In summary, we present here a report of the first machine learning application of real-time temporal clustering of continuous data to inform prostate cancer active surveillance follow-up based on longitudinal observations. We demonstrate that the algorithm outperforms standard statistical tools and improves its predictive power over time. We further illustrate how it can be developed into a clinical tool that can be used in consultations and planning management in real time. Future work will explore this method and approach in more detail as a potential strategy to aid management of men on active surveillance for prostate cancer.

Methods

Cohort structure

The study used deidentified data from men enroled into a structured AS programme and prospectively maintained database^14,15. The method and protocol for AS management in our centre has been previously reported in detail^14,15. In brief, all men were diagnosed with Cambridge Prognostic Group (CPG) 1 or 2 disease (equating to low risk and favourable-intermediate risk, respectively) based on the UK National Institute for Health and Care Excellence (NICE) prognostic grouping system (https://www.nice.org.uk/guidance/NG131) (shown in Supplementary Fig. 1A). Men were diagnosed by image (MRI) guided biopsy systematic and targeted biopsy at diagnosis or, if MRI performed after diagnosis, a repeat targeted biopsy was performed within 3 months¹⁴. Patients underwent multi-parametric prostate MRI on a 3-T Discovery MR750 HDx or a 1.5-T MR450 scanner (GE Healthcare).
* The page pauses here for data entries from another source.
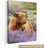 Tableau sur toile Scottish Highlander - Marron - Buissons - 90x120 cm - Décoration murale
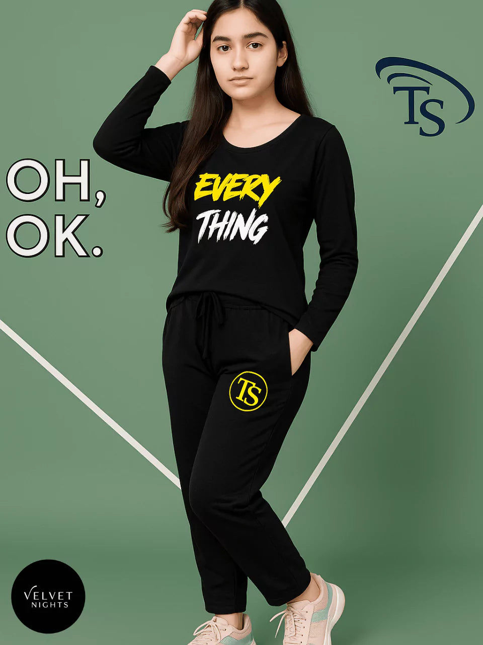 This night suit is your go-to for a restful night’s sleep or lounging at home in effortless style. Its breathable fabric ensures a sweat-free experience, while the timeless design makes it a versatile addition to your wardrobe.
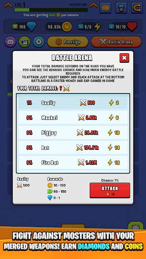 Fight versus monsters with your merged weapons! and be the strongest in the idle royale universe!
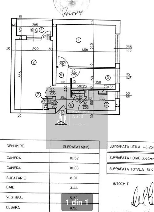 – Suprafață totală: ~52 mp
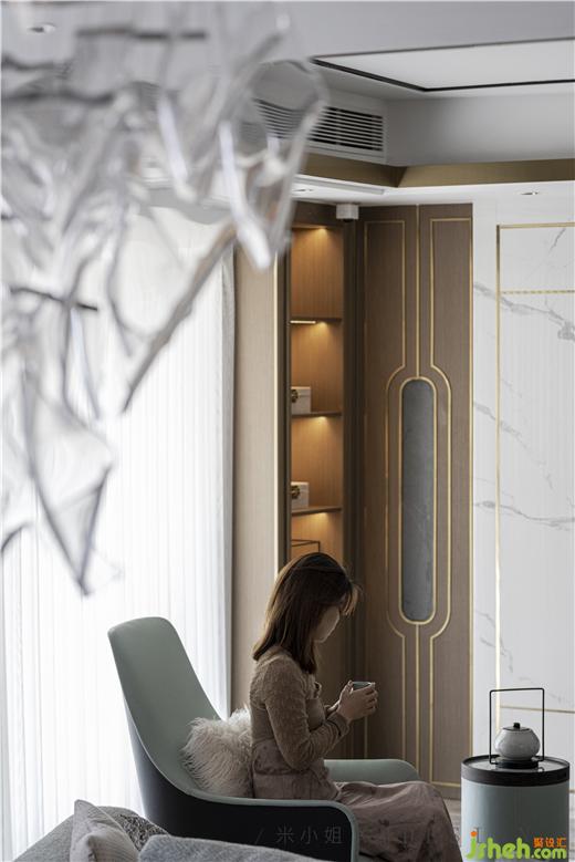 金色的包边透露出干练,米灰色的布艺和原木框架相结合,软包设计让躺或坐有更舒适的体验,家装设计以简驭繁,没有过多元素堆积,整体空间意境衬托出无限中式韵味将西方的设计美学与东方古典美学融合淬炼,传达了一种东清西韵的独特风情,时尚不失雅致,给人舒心简美的感觉如江南水墨般清新淡雅,干净利落的线条设计,时尚禅意之美。
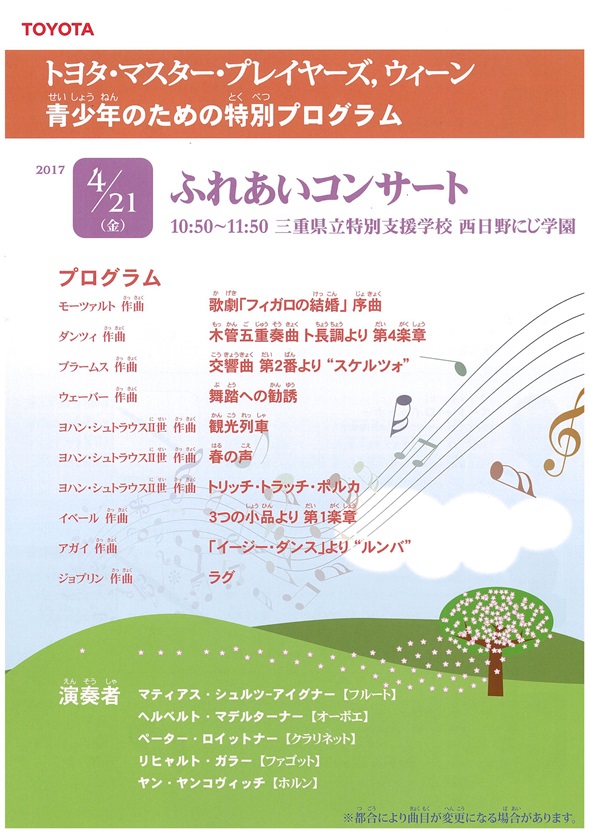 トヨタマスタープレイヤーズの企画で、本校にウィーンフィル他の演奏家5名がやってきます!!
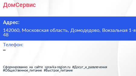 ДомСервис по адресу 142060, Московская область, Домодедово, Вокзальная 1-я, 48 в дальнейшем Организация, размещена в следующих категориях:
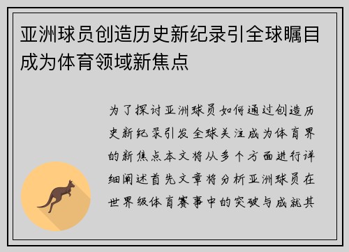 亚洲球员创造历史新纪录引全球瞩目成为体育领域新焦点
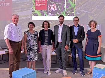 Wolfgang Guckert, Vorsitzender des Kreisbauernverbandes Rhein-Neckar e.V., Nicole Gross, Leiterin des Amtes für Landwirtschaft und Naturschutz Rhein-Neckar-Kreis, Dr. Sabine Mahr, Leiterin der Unteren Naturschutzbehörde der Stadt Mannheim, Michael Eick, Leiter der Akademie für Natur- und Umweltschutz des Ministeriums für Umwelt, Klima und Energiewirtschaft, Dr. Andre Baumann, Staatssekretär des Ministeriums für Umwelt, Klima und Energiewirtschaft und Bürgermeisterin Prof. Dr. Diana Pretzell.
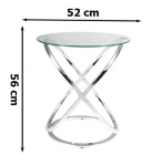 Вес, кг: 8,5 / Высота (см): 56 / Гарантия, мес.: 12 / Глубина (см): 52 / Количество коробок: 1 / Материал каркаса: металл / Материал столешницы: стекло / Необходимость сборки: да / Раздвижной: нет / Размер упаковки 1: 0,59/0,69/0,13 / Страна производитель: Китай / Форма столешницы: круг / Цвет каркаса: хром / Цвет столешницы: прозрачный / Ширина (см): 52
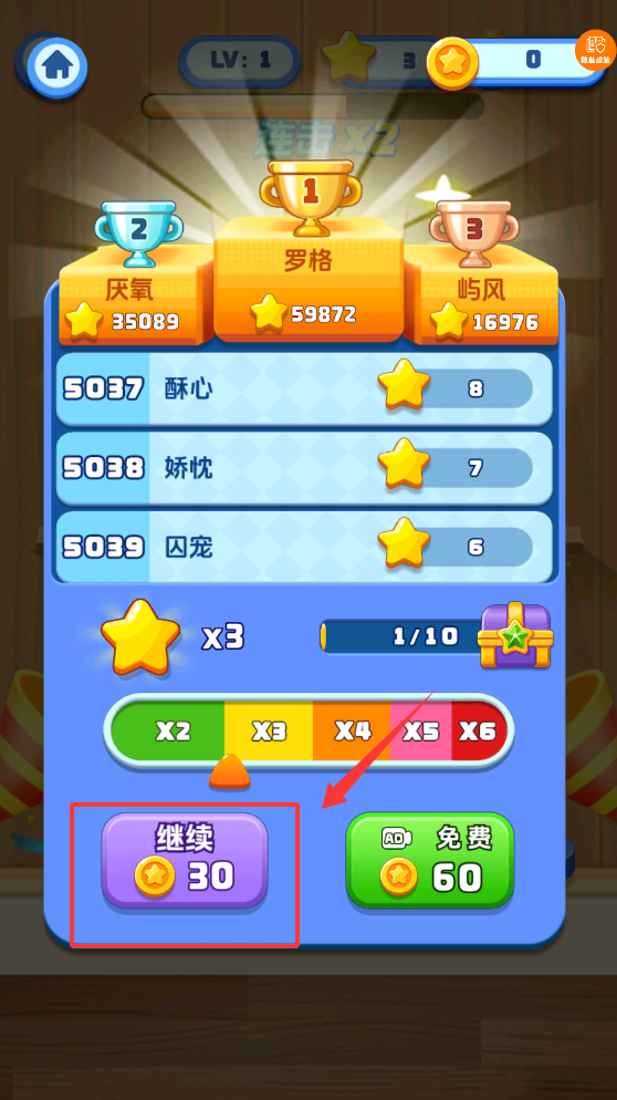 3、通關(guān)后點擊繼續(xù)按鈕挑戰(zhàn)下一關(guān)。
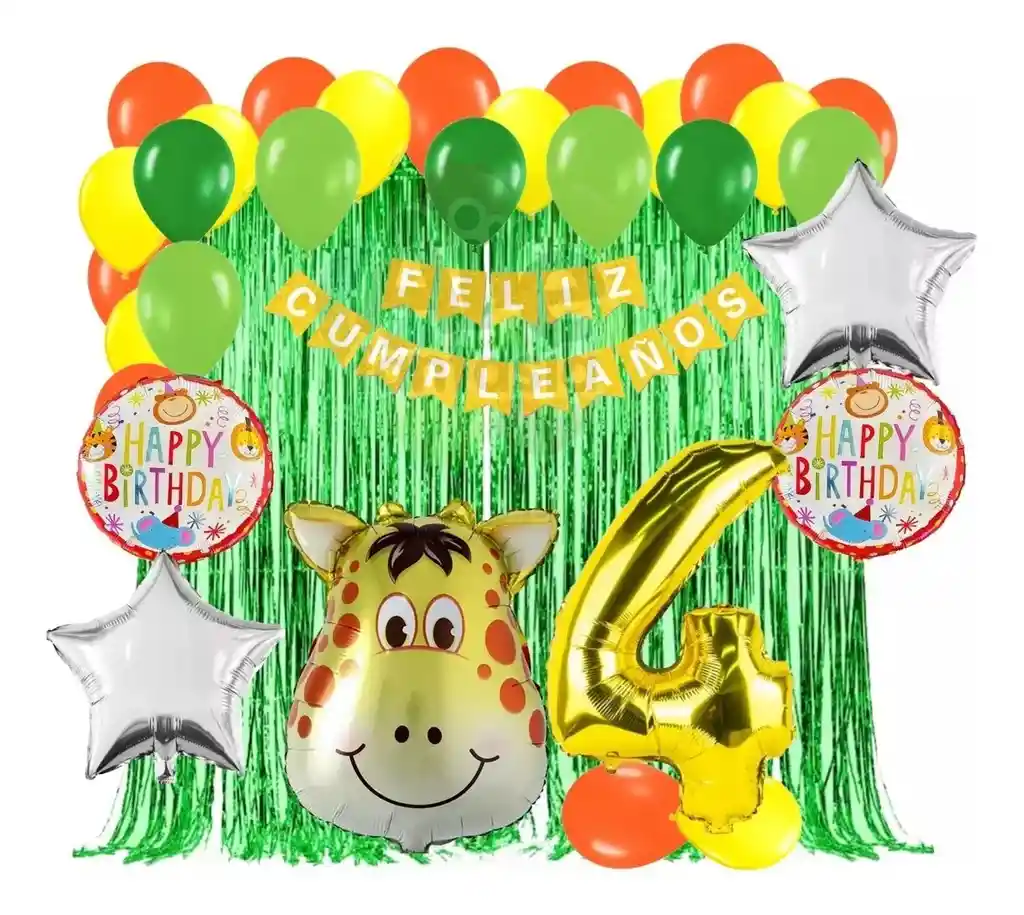 *********************GLOBOS Y PELUCHES MASMELO********************* Somos Mercado Lider Platinum Por tu compra te llevas: 36 Globo surtido: naranja, verde lima, verde selva, amarillo 30cm 1 Globo cabeza de jirafa grande 55x45cm 1 Globo número segun tu elección 82 cm dorado 2 Globo estrella 45x45cm plateada 2 Globo circular tematica cumpleaños 45x45cm 1 Guirnalda decorativa feliz cumpleaños 2 metros de largo dorada 2 Cortina flecos decorativa 2X1 m 5 Cinta de arco 5 metros *Los globos se entregan desinflados, tu compra no incluye el montaje ni la decoración, el servicio de armado no lo tenemos disponible. sin embargo te damos todas las instrucciones para hacer de modo profesional. Si deseas adicionar otros articulos a tu compra puedes escribirnos, recuerda que Somos Globos y Peluches Masmelo Si necesitas variación en los colores, colocar un número, más globos o realizar otros cambios en el diseño original escribenos para ver si podemos hacerlo. Tenemos todo lo necesario para tus decoraciones, somos lo último en tendencias mundiales decorativas. Tenemos disponible: Vasos, platos, manteles, guirnaldas, cubiertos, globos de todo tipo, números, letreros, vela, Etc. Puedes encontrar los articulos de nuestra tienda en el siguiente link, copia y pega, si no encuentas lo que necesitas escribenos:

Dynamic contrast-enhanced imaging was performed at baseline, but not in follow-up imaging. Prostate volume was calculated by MRI estimated volumetric measurements using the ellipsoid formula. All men on AS had 3-monthly PSA testing and annual repeat MRI with reporting done at initial diagnosis (using the 5-point Likert scoring system) and then subsequently monitored using the Prostate Cancer Radiological Estimation of Change in Sequential Evaluation (PRECISE) criteria¹⁵. Protocol re-biopsies were recommended at 1 and 3 years unless otherwise indicated by a change in PSA (3 consecutive rises) and/or MRI change¹⁴. We excluded data if there was insufficient baseline information or with less than 1-year follow-up. Supplementary Fig. S1B shows our data selection process. The study is registered with Institutional Review Board approval (Cambridge University Hospitals NHS Foundation Trust, Cambridge, UK; registration number: 3592 and 3059/PRN 9059).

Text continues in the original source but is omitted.